AjayP13 commented 3 months ago

I assume you're talking about this: https://github.com/vllm-project/vllm/issues/1237#issuecomment-2017239455

But yes, it does balance the work between multiple instances of the vLLM model.

andakai commented 3 months ago

Yes, I am trying to do dataparallel using vLLM based on your project. I have read the guide, but still feel confused about how to do this. I wonder if there is any specific doc or example?

AjayP13 commented 3 months ago

You can see this test case right here (test_parallel_llm) for some example code:

https://github.com/datadreamer-dev/DataDreamer/blob/ad3dd9ce73e8ad66f3c1b124686ea970e347343a/src/tests/trainers/test_distributed.py#L131

That test case will run a two copies of an LLM (one per GPU on a 2-GPU machine) using Hugging Face Transformers.
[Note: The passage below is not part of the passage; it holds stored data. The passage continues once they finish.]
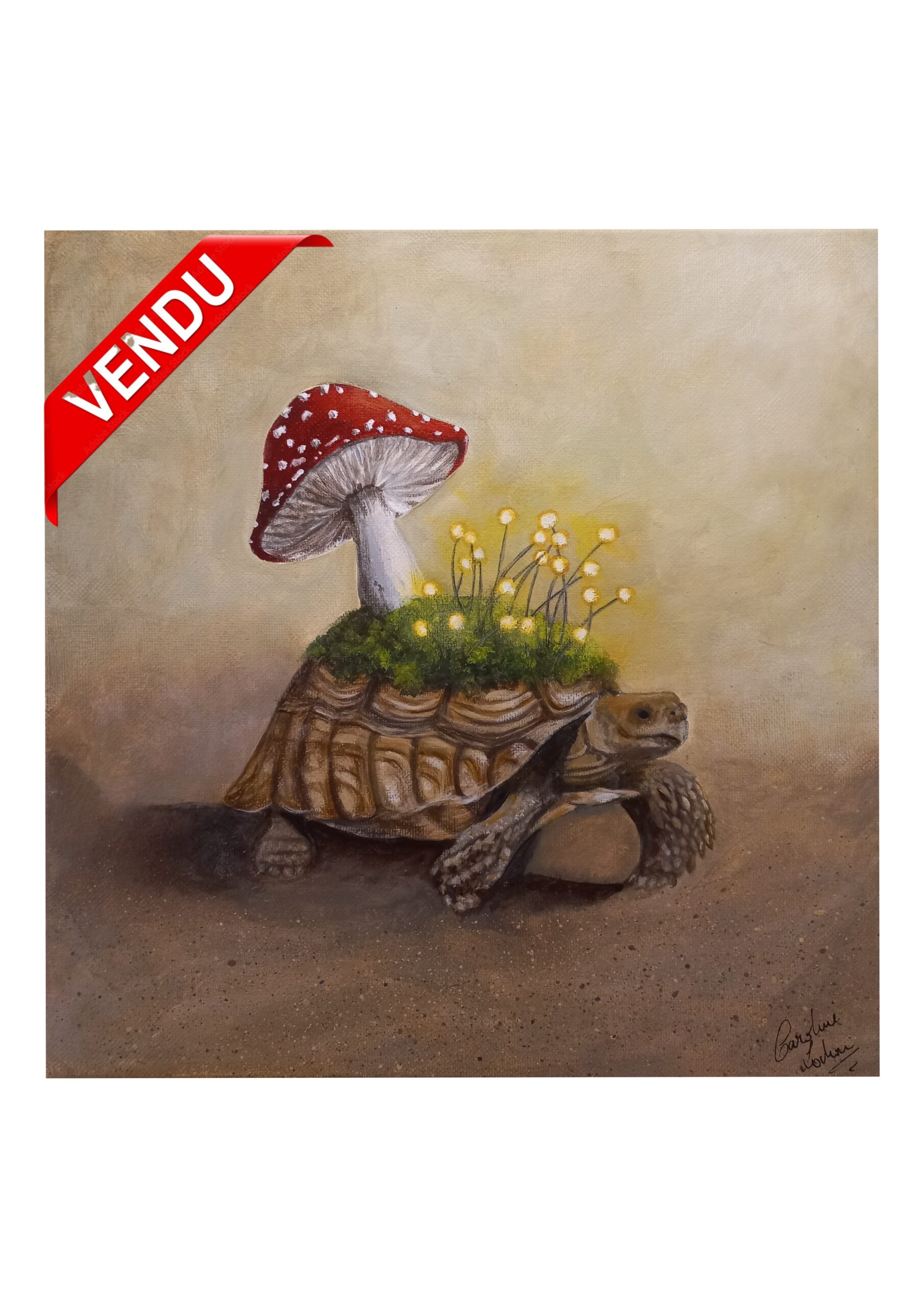 Cette peinture acrylique sur toile représente symboliquement une tortue portant sur son dos un tapis de pelouse, un champignon et des plantes lucioles.
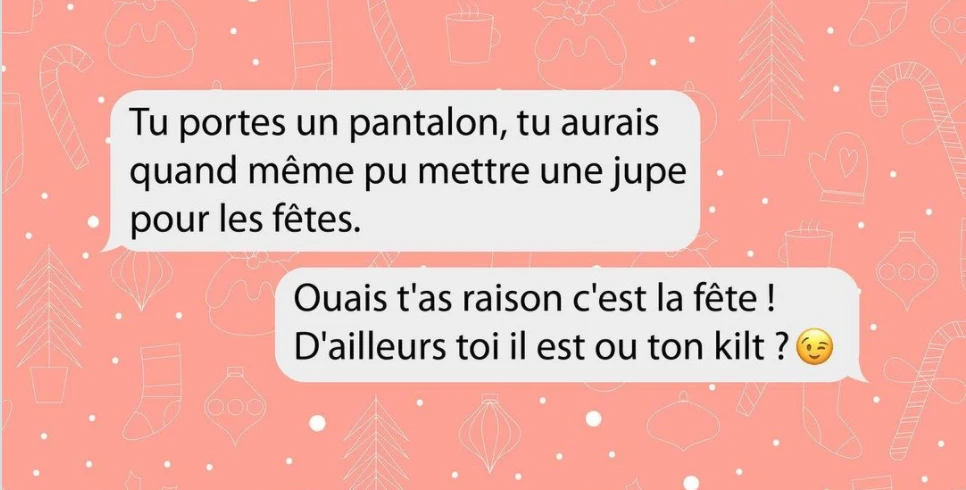 La répartie anti-sexisme ne repose pas non plus sur les mères. Si le show américain Yo Mama a fait des vannes commençant par « et ta mère » sa spécialité, n’oublions pas que les mères sont d’abord des femmes et qu’elles ne méritent aucunement ce flot d’insultes gratuites. D’ailleurs, on évite les insultes de façon générale, « d’autant que beaucoup sont étroitement liées au sexisme » souligne Marion. Mais ça, si vous ne voulez pas que le réveillon dégénère, vous savez déjà qu’il vaut mieux s’en passer.
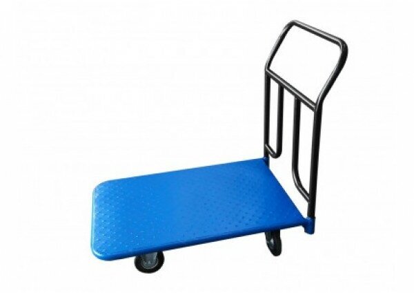 Wheel diameter: 125 mm; the handle is bolted to the platform and removed for compact storage, handle height: 750 mm; flooring: metal sheet 1.2 mm thick, embossed anti-slip surface, polymer coating
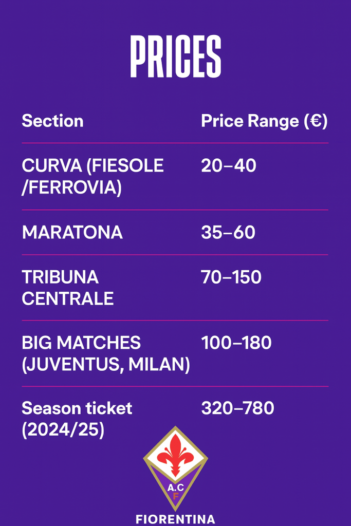 Take the regional train from Firenze Santa Maria Novella to Campo di Marte — a five-minute hop that lands you just 400 metres from the stadium. From there, follow the “purple procession” of fans over the small overpass to the gates.
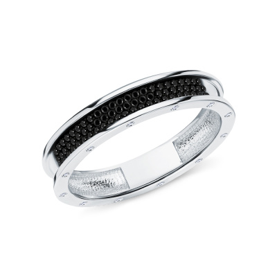 Кольцо с 70 бриллиантами черными облагороженными, 0.22 карат, огранка круг 57 граней, цвет 7, чистота 6, тип огранки А; 24 бриллиантами, 0.05 карат, огранка круг 57 граней, цвет 3, чистота 5, тип огранки А; Белое золото 585 пробы.
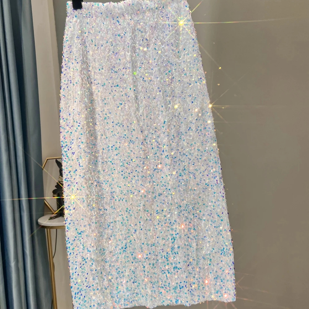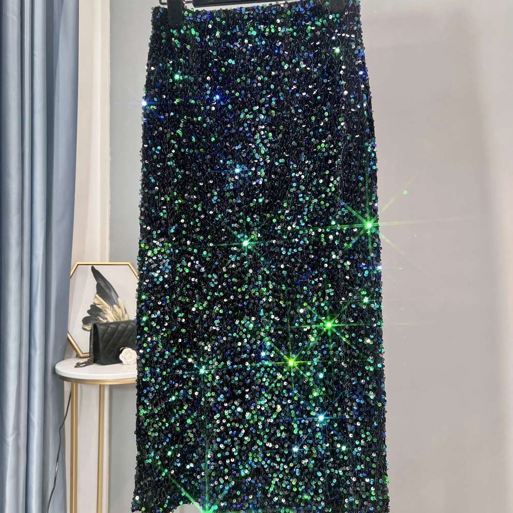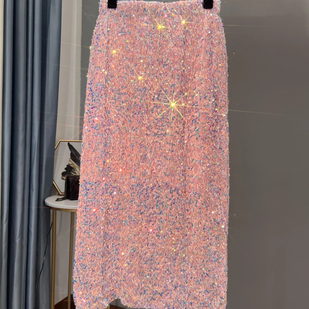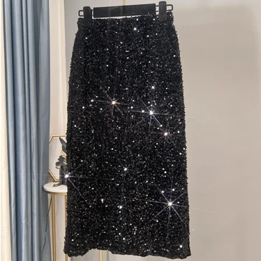 Jupe mi-longue à sequins

If you want to use VLLM instead of HFTransformers instead, it's as simple as:

from datadreamer.llms import VLLM, ParallelLLM
llm_1 = VLLM("gpt2", device=0)
llm_2 = VLLM("gpt2", device=1)
parallel_llm = ParallelLLM(llm_1, llm_2)

andakai commented 3 months ago

wow this is so easy to use. It helps me a lot. Thanks for your fantastic work.

AjayP13 commented 3 months ago

No problem, let me know if you need any other help!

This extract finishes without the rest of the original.